Canada condemns in the strongest possible terms the Russian leadership’s illegal and unjustifiable war of aggression on Ukraine.

It is important that we provide support to meet the needs of victims and survivors of core international crimes, and work quickly to gather evidence that we will be able to use in pursuing accountability in national and international courts.

I have chosen to make brief remarks under this third area of discussion, as prioritizing the response to sexual and gender-based crimes is a key element for Canada, not just with respect to the conflict-related sexual violence occurring in Ukraine, but in the context of our broader foreign policy as well.

Focusing on victims of SGBV, and CRSV in particular

While women and men, girls and boys, face risks of sexual and gender-based violence in conflict – including rape, sexual slavery, forced prostitution, and trafficking – women and children, particularly girls, are the primary victims and survivors. Many of these crimes go unreported due to extreme stigma and feelings of shame, and intimidation or fear. Victims and survivors may be unaware of, or lack access to, reporting mechanisms and services for those who have experienced gender-based violence (GBV) in occupied areas.
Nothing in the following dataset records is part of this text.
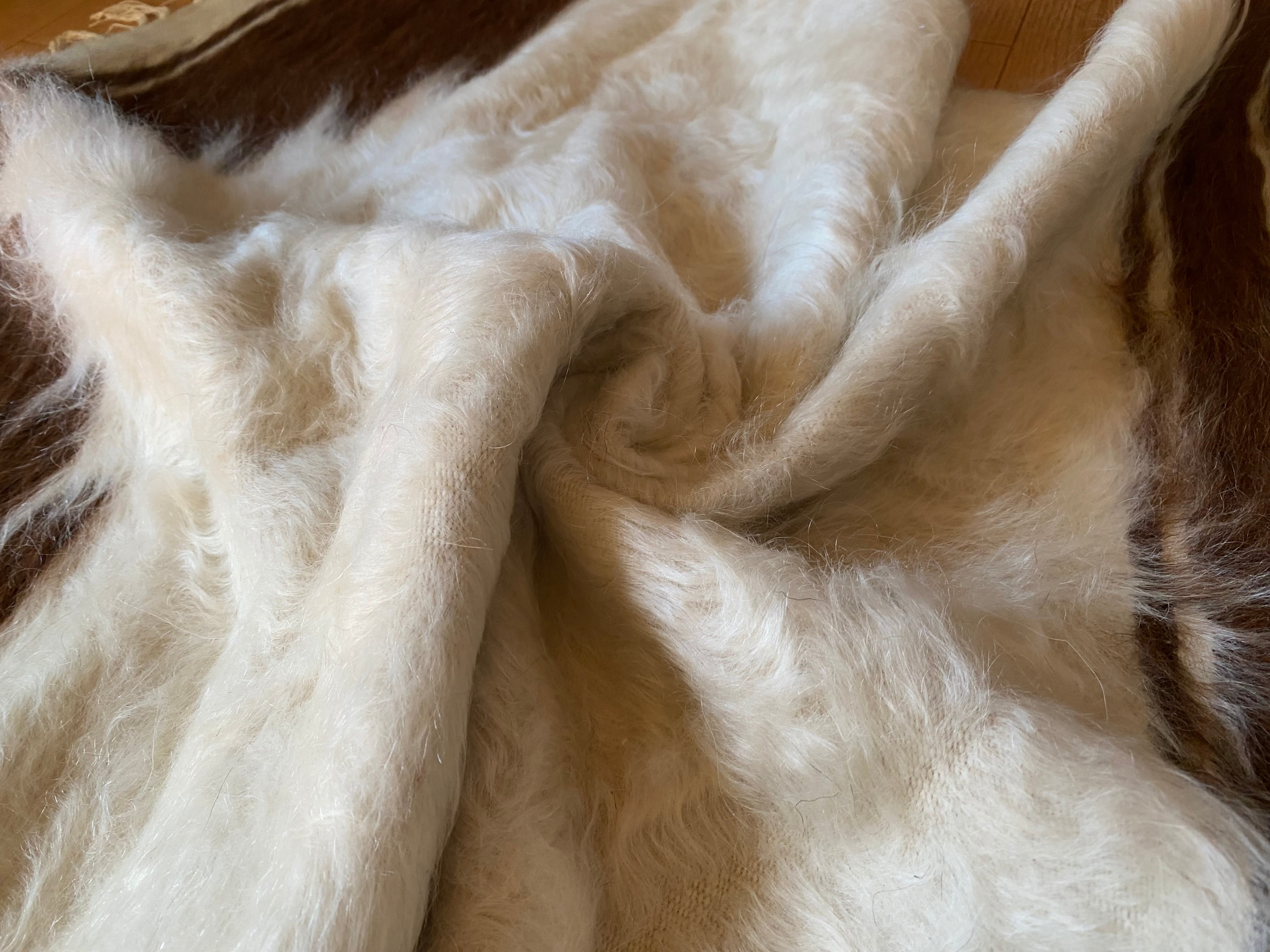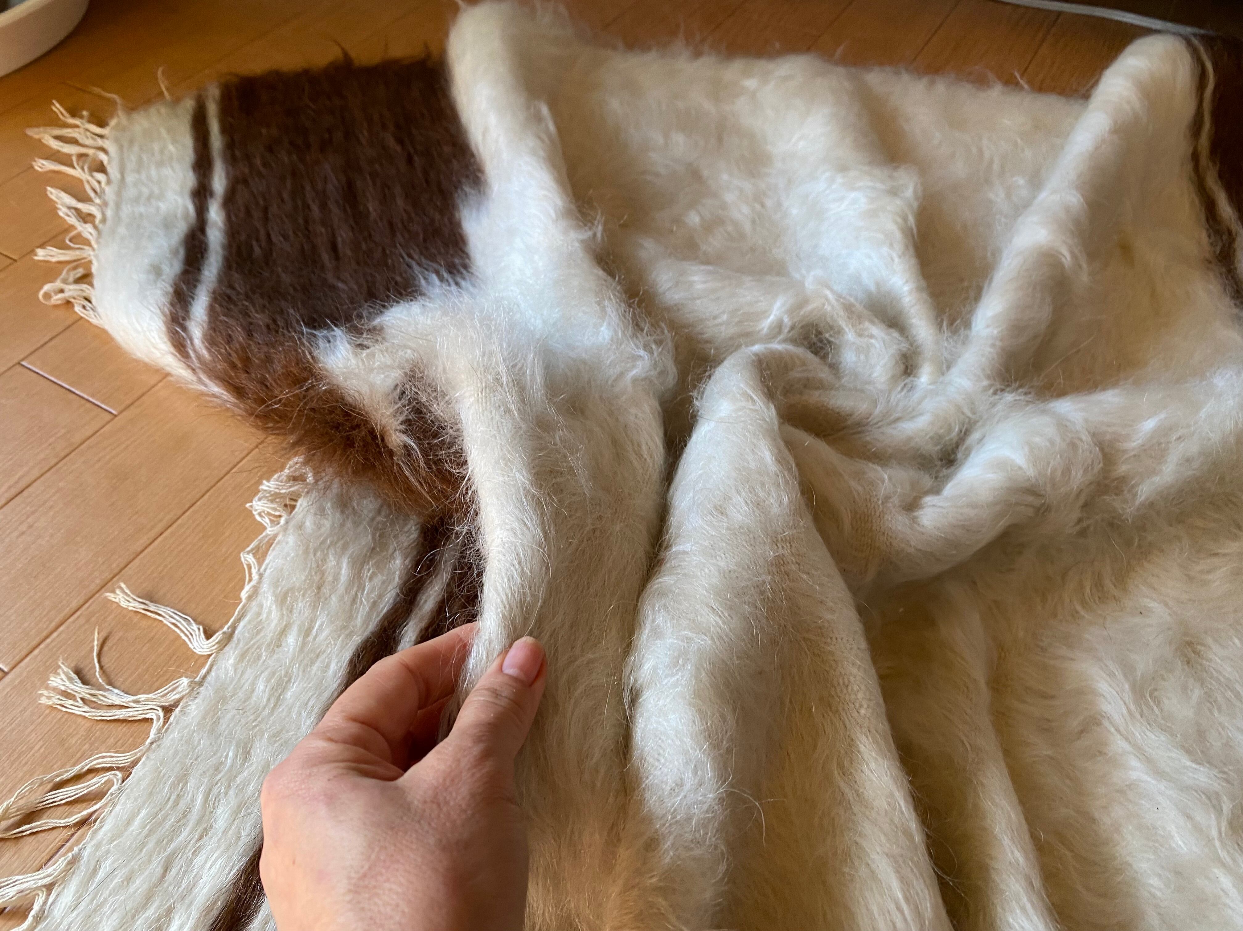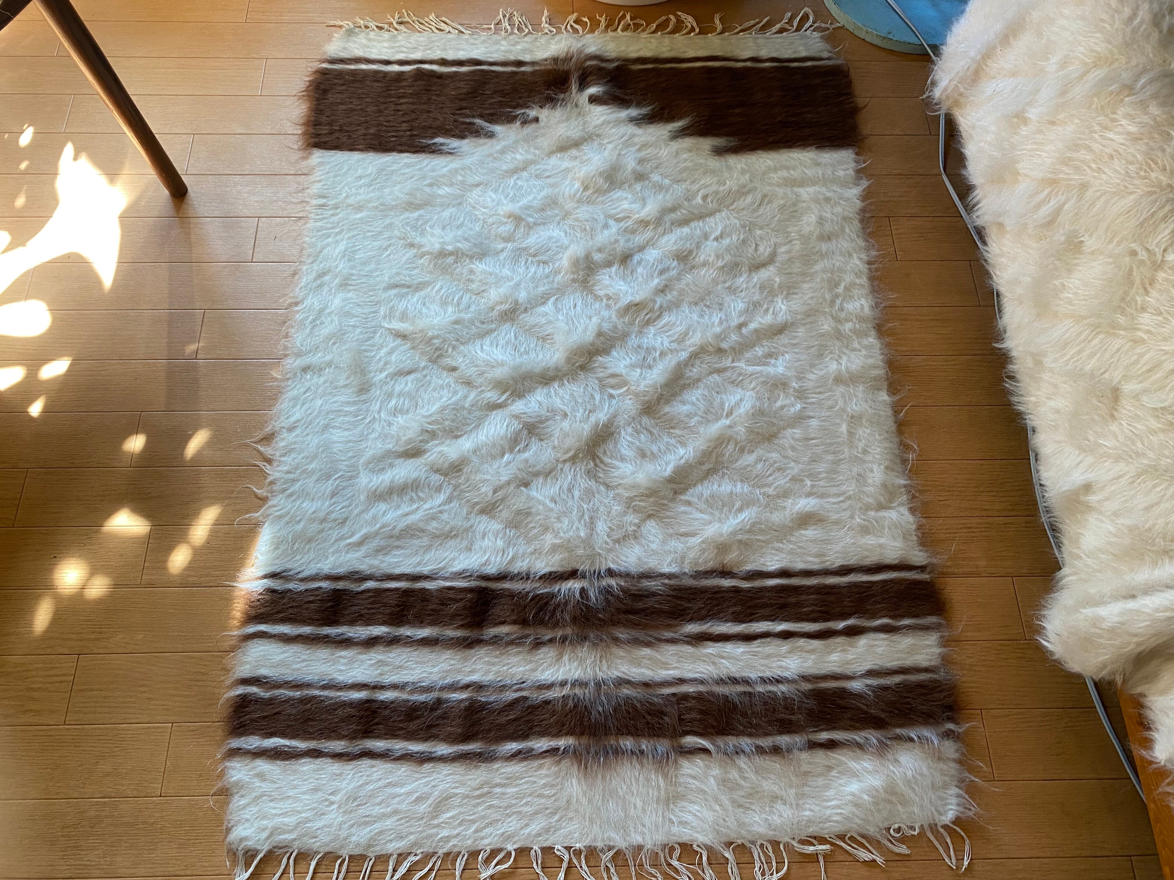 特にアンゴラ山羊からのモヘヤを使って織られているこのシイルトは大変価値も高いもので、艶もあり、素晴らしく温かいです。 自然のアンゴラヤギの毛で織られていますので、独特のくるくるとした感じも可愛く、とてもナチュ ラルな感じです。アンゴラ山羊は18世紀の中ごろまでオスマントルコが飼育を独占していたらしいです。
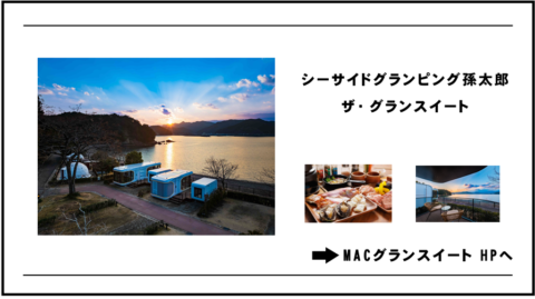 2026年3月、「シーサイドグランピング孫太郎 ザ・グランスイート」がオープンしました。海越しに山々を眺められる、まさに特等席。まるでホテルの1室のような高級感を味わいながら、紀北町の大自然を堪能できます。
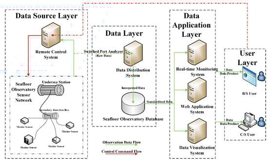 Based on the communication paths of both observation data flow (the green line in Figure 1) and control command flow (the red line in Figure 1) within the sensor web for cabled seafloor observatories, the sensor web architecture (SWA) is structured into four layers: the data source layer, the data layer, the data application layer, and the user layer. Different components within the four layers interact in an information-oriented way, fulfilling the life cycle of the two information flows within the seafloor observatory sensor web.
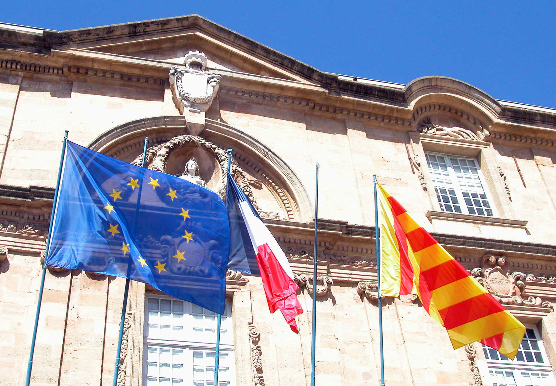 Hôtel de Ville flying flags of Europe, France, and Provence; Aix-en-Provence, France

Conflict-related sexual violence is a particularly harmful form of sexual and gender-based violence. Its use constitutes a serious breach of international humanitarian law and may amount to war crimes or crimes against humanity. States have an obligation to prosecute the perpetrators of these crimes. 

Canada’s federal police agency, under the purview of the Crimes Against Humanity and War Crimes Program, has initiated a national investigation into the allegations of war crimes and crimes against humanity in Ukraine. Canada is taking a victim-centered approach to the investigation adhering to the principles outlined in the Murad Code and ensuring that victims receive adequate psychosocial support. 
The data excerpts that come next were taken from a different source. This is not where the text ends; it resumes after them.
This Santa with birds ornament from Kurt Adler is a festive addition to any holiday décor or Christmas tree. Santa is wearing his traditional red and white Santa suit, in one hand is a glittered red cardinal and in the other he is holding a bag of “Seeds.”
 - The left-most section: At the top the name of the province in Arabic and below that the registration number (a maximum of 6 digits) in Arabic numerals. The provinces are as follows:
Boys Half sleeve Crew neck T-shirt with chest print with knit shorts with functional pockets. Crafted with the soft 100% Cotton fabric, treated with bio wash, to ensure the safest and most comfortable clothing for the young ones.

Canada has also been appreciative of the efforts of the ICC to create specialised capacity with respect to investigations into conflict-related sexual violence and crimes against children, and provided a $1M voluntary financial contribution to the ICC Trust Fund established for this purpose, which will support all of the ICC’s investigations and evidence-gathering activities, including in the situation in Ukraine.
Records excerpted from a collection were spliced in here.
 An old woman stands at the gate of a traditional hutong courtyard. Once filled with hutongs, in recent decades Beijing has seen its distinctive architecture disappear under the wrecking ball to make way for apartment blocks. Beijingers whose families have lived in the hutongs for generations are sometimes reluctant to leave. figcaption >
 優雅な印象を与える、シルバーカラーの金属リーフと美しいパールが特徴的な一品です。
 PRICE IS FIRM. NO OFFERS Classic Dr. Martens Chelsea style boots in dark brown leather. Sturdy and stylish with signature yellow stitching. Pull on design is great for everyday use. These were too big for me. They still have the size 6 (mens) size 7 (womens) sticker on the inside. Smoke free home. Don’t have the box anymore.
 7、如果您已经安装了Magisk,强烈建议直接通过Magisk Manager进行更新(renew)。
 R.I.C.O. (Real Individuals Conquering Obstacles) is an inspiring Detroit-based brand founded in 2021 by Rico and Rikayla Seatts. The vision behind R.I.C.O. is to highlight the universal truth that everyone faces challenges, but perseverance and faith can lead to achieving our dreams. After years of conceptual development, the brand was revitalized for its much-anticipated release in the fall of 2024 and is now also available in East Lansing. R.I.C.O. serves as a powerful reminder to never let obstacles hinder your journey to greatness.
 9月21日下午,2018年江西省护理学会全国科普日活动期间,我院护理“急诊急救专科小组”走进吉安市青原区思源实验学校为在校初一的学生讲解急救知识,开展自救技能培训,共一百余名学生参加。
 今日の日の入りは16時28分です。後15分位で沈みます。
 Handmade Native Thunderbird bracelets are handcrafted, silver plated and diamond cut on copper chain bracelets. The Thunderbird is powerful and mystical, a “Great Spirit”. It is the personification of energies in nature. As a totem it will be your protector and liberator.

Canada also funds UN Women, which has deployed a gender advisor expert to the Commission of Inquiry on Ukraine, and supports efforts to increase the resilience and responsiveness of the National Police of Ukraine to address CRSV through improved in-service training, communications, and peer-to-peer psychological support mechanisms.

At the recent G7 meeting, Canada announced $9.7M in funding to improve accountability for human rights violations in Ukraine, with a particular emphasis on cases of sexual and gender-based violence.

This funding will support existing international mechanisms, Ukrainian police and judicial institutions to respond professionally to cases of sexual and gender-based violence, ensuring investigations are conducted in compliance with international law and advance justice in ways that are sensitive and responsive to the needs and interests of survivors.

Actions to address needs of survivors and victims

We must not forget that prioritizing the interests and needs of victims and survivors of core international crimes means working to address their immediate needs, and not just working towards eventual paths of judicial accountability.

In line with Canada’s Feminist International Assistance Policy and Feminist Approach in Humanitarian Action, Canada is committed to supporting humanitarian assistance programming that meets the different and specific needs and priorities of all members of the affected population, taking into consideration gender, age, disability and diversity.

Canada’s feminist approach entails recognizing and supporting local capacities, systems, and structures. This means strengthening women’s leadership at every level to systematically ensure the participation, leadership and empowerment of women and girls in humanitarian processes.

And of course, engaging in these discussions to ensure our efforts are complementary, efficient, and effective is of great importance. Thanks again for convening us here today.